Exercise brief » Could the listing below be returned exactly, with its pictures left out?
Data excerpt Block Start
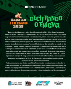 A Caça ao Tirisco deste ano apresentou uma novidade que a diferenciou da edição anterior: depois de decifrar o enigma, que foi publicado nas redes sociais da Prefeitura Municipal, os participantes deveriam procurar por – pelo menos - uma chave com que pudesse abrir o cadeado para libertar o bicho que estava “preso” em uma gaiola.
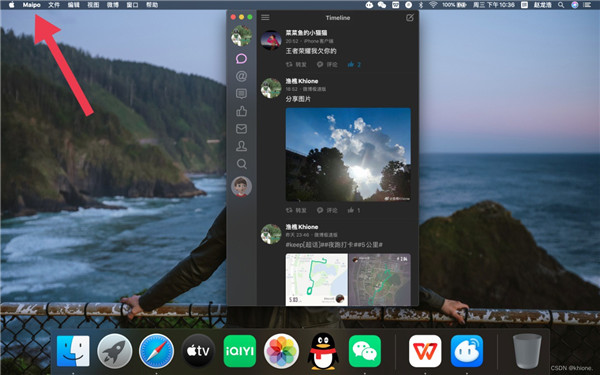 2、观察到桌面左上角有Maipo图标,点击“Maipo系统偏好设置。
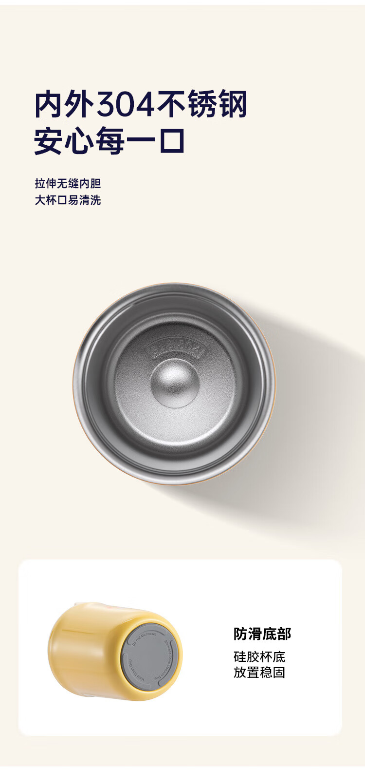 杯身内外壁采用304不锈钢,健康环保;杯底硅胶防滑设计;采用拉伸无缝内胆设计,美观大方,保温时效长
Data excerpt Block End
Solved problem »
 A Caça ao Tirisco deste ano apresentou uma novidade que a diferenciou da edição anterior: depois de decifrar o enigma, que foi publicado nas redes sociais da Prefeitura Municipal, os participantes deveriam procurar por – pelo menos - uma chave com que pudesse abrir o cadeado para libertar o bicho que estava “preso” em uma gaiola.
 2、观察到桌面左上角有Maipo图标,点击“Maipo系统偏好设置。
 杯身内外壁采用304不锈钢,健康环保;杯底硅胶防滑设计;采用拉伸无缝内胆设计,美观大方,保温时效长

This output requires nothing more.